_Information provided_
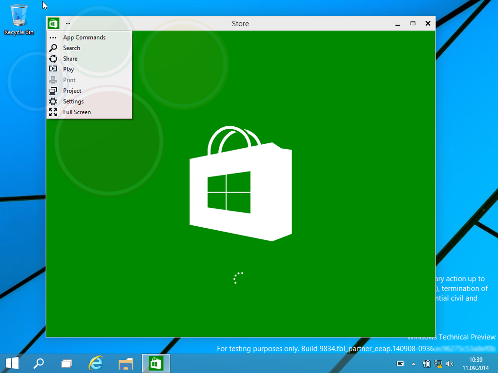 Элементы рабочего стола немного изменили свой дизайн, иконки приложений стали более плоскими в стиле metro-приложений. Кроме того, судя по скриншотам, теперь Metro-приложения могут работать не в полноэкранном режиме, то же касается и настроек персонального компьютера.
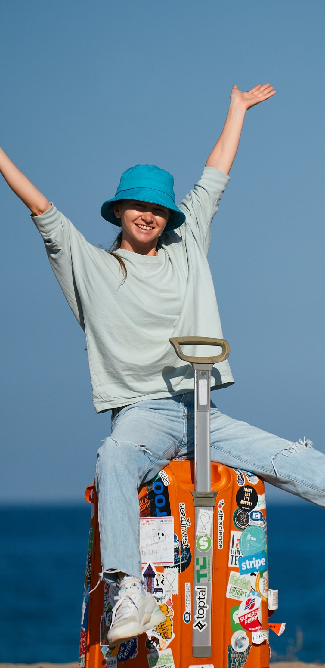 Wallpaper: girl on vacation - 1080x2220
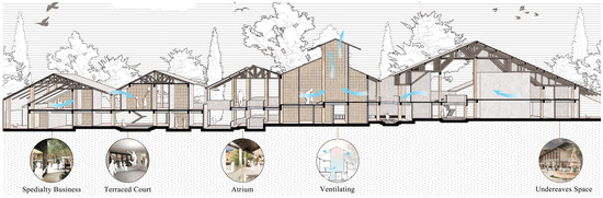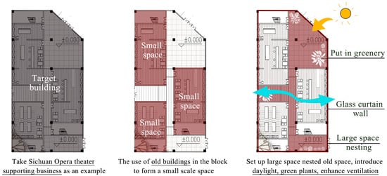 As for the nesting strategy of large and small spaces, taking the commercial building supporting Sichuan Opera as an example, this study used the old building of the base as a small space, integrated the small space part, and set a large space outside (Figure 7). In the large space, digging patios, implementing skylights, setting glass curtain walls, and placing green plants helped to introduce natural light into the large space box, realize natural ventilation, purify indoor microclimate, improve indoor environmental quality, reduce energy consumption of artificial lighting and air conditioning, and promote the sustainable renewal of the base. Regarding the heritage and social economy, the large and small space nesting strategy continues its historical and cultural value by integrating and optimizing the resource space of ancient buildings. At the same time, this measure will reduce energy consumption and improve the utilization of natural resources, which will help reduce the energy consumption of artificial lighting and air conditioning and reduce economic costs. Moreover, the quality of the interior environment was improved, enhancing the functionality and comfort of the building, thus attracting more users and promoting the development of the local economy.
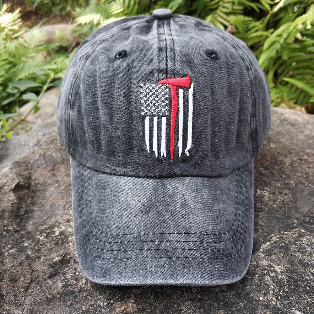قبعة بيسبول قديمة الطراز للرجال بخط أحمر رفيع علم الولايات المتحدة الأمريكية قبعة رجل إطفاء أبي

...

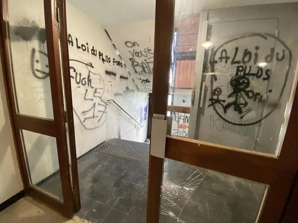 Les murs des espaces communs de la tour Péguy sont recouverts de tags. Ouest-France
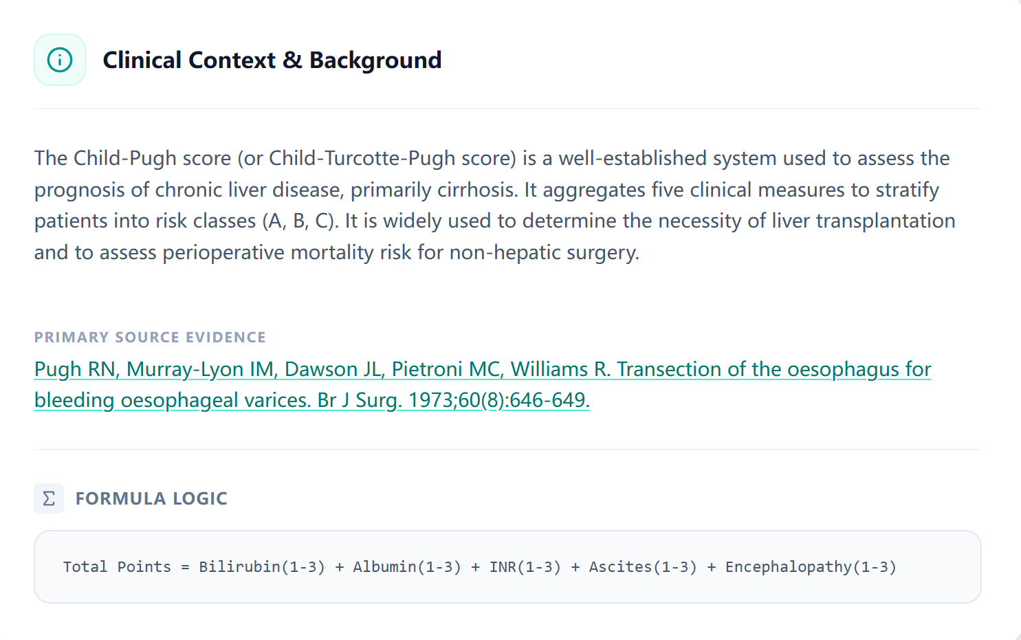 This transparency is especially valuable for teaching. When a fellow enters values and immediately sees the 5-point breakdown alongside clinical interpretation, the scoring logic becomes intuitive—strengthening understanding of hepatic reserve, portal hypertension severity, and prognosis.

---

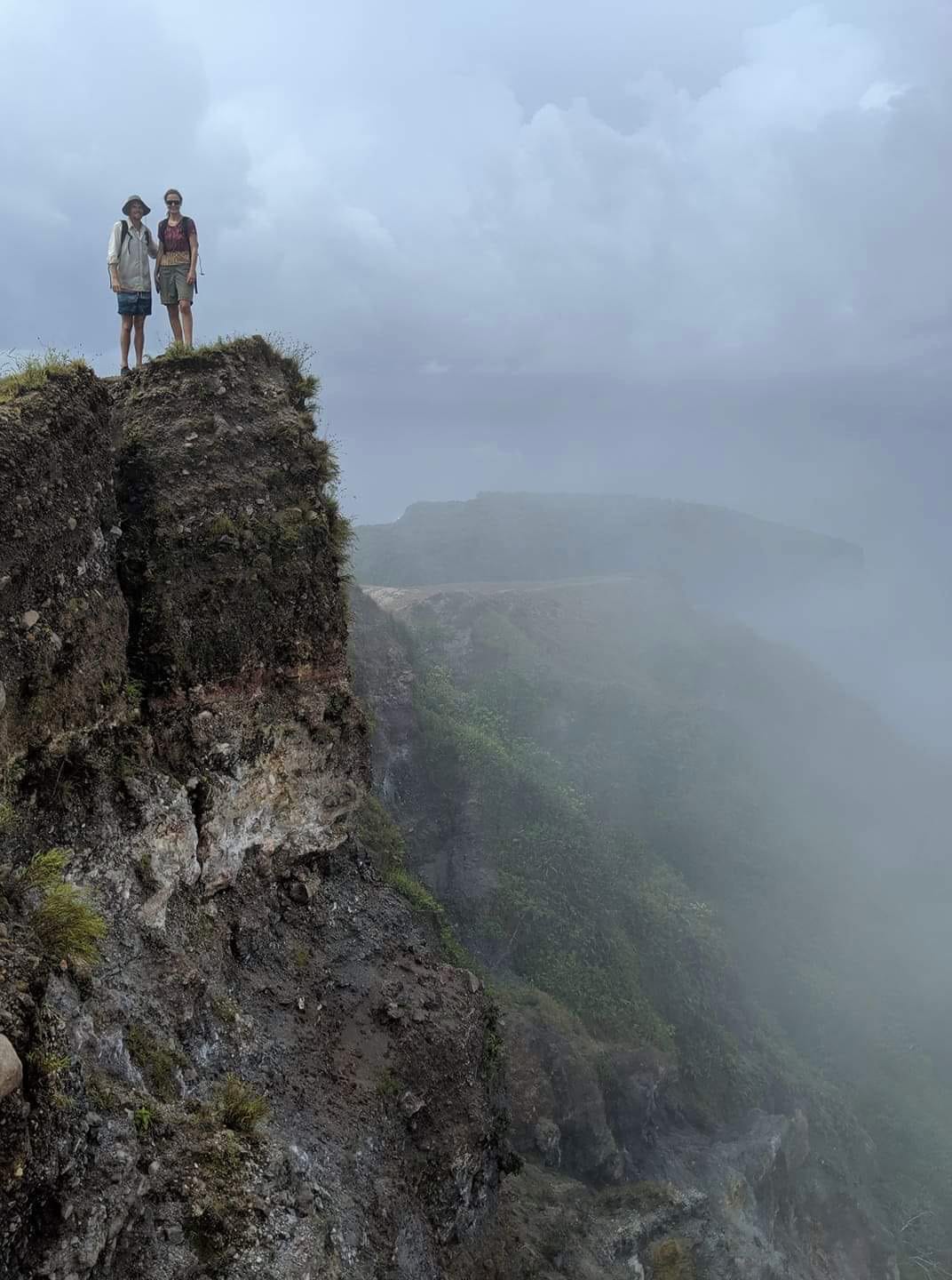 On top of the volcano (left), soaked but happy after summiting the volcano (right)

_Exercise prompt_
Given the listing above, retype only the span of lines from the line with "Элементы рабочего стола" up to and including the line with "قبعة بيسبول قديمة", exactly as it stands and without pictures.

_Your solution_
 Элементы рабочего стола немного изменили свой дизайн, иконки приложений стали более плоскими в стиле metro-приложений. Кроме того, судя по скриншотам, теперь Metro-приложения могут работать не в полноэкранном режиме, то же касается и настроек персонального компьютера.
 Wallpaper: girl on vacation - 1080x2220
 As for the nesting strategy of large and small spaces, taking the commercial building supporting Sichuan Opera as an example, this study used the old building of the base as a small space, integrated the small space part, and set a large space outside (Figure 7). In the large space, digging patios, implementing skylights, setting glass curtain walls, and placing green plants helped to introduce natural light into the large space box, realize natural ventilation, purify indoor microclimate, improve indoor environmental quality, reduce energy consumption of artificial lighting and air conditioning, and promote the sustainable renewal of the base. Regarding the heritage and social economy, the large and small space nesting strategy continues its historical and cultural value by integrating and optimizing the resource space of ancient buildings. At the same time, this measure will reduce energy consumption and improve the utilization of natural resources, which will help reduce the energy consumption of artificial lighting and air conditioning and reduce economic costs. Moreover, the quality of the interior environment was improved, enhancing the functionality and comfort of the building, thus attracting more users and promoting the development of the local economy.
قبعة بيسبول قديمة الطراز للرجال بخط أحمر رفيع علم الولايات المتحدة الأمريكية قبعة رجل إطفاء أبي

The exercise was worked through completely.